Well, lots more journal, but the kind where I’m writing to sort out my thoughts and feelings (or to enjoy a new ink), not crafting potential social media posts.
Lessons Learned
The funniest lesson was that I have no way of knowing the weather forecast without a screen and that my ability to read the clouds and wind is, um, less reliable than I’d imagined. Laughing out loud is good for the soul though, so every time the snowflakes hit my sunglasses and bare ankles, my soul (and the occasional dog walker) got a treat.
Sleep
It came as a great surprise that I could fall asleep – and wake up! – without playing spider solitaire or boggle on my phone for an hour. I turned out the light, got comfortable, and boom, eight hours of the good stuff. I do usually sleep alright, but without the game playing my eight hours started and ended earlier, so there I was, up and raring to go at 5:30 a.m. (Truth is, it was before 5 a.m., I’m just embarrassed about how early I go to bed.)
From now on, the only games I’ll play in bed will involve another person! (post-pandemic, sigh)
TIME
Ridiculous amounts of time. So. Much. Time. I’d had no particular plan to get a lot done, no big projects to tackle, but I was full of energy and there were no tweets or YouTube rabbit holes to get expend it on.
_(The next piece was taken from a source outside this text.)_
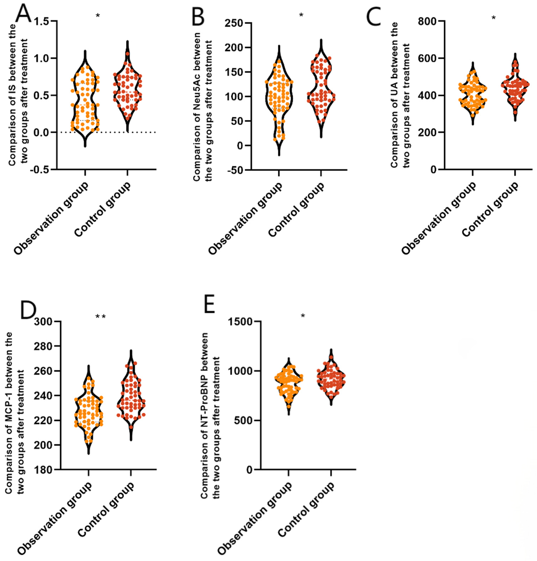 Comparison of serum biomarkers between the two groups after treatment. (A) NT-ProBNP, (B) MCP-1, (C) UA, (D) Neu5Ac, and (E) IS. Data are presented as mean ± standard deviation. *P < 0.05, **P < 0.001 vs. the control group. NT-ProBNP, amino-terminal B-type brain natriuretic peptide precursor; MCP-1, monocyte chemotactic protein 1; UA, uric acid; Neu5Ac, N-acetylneuraminic acid; IS, indole sulphate phenol.

I did a full day’s worth of chores around the house and, oh look, it’s 8 a.m.
It was all the extra time that did me in. I’d done more writing, reading, cleaning, walking, cooking, yoga, laundry and crossword puzzles than I imagined possible over the span of a week, and it wasn’t even dinner time. Maybe I had a lot of pent-up energy, I don’t know, but I ran out of things to do. I wasn’t bored, just done with the activities I’d been doing. Reading and writing need time to marinate, to float around in my head before I jump into the next world of words.
Focus
Every task I did got my undivided attention. Time stretched out, so there was no fluster if I needed to go back down to the basement or up to the attic for something or start over when things weren’t working out as planned. All those little mistakes I make when I’m rushing? Gone.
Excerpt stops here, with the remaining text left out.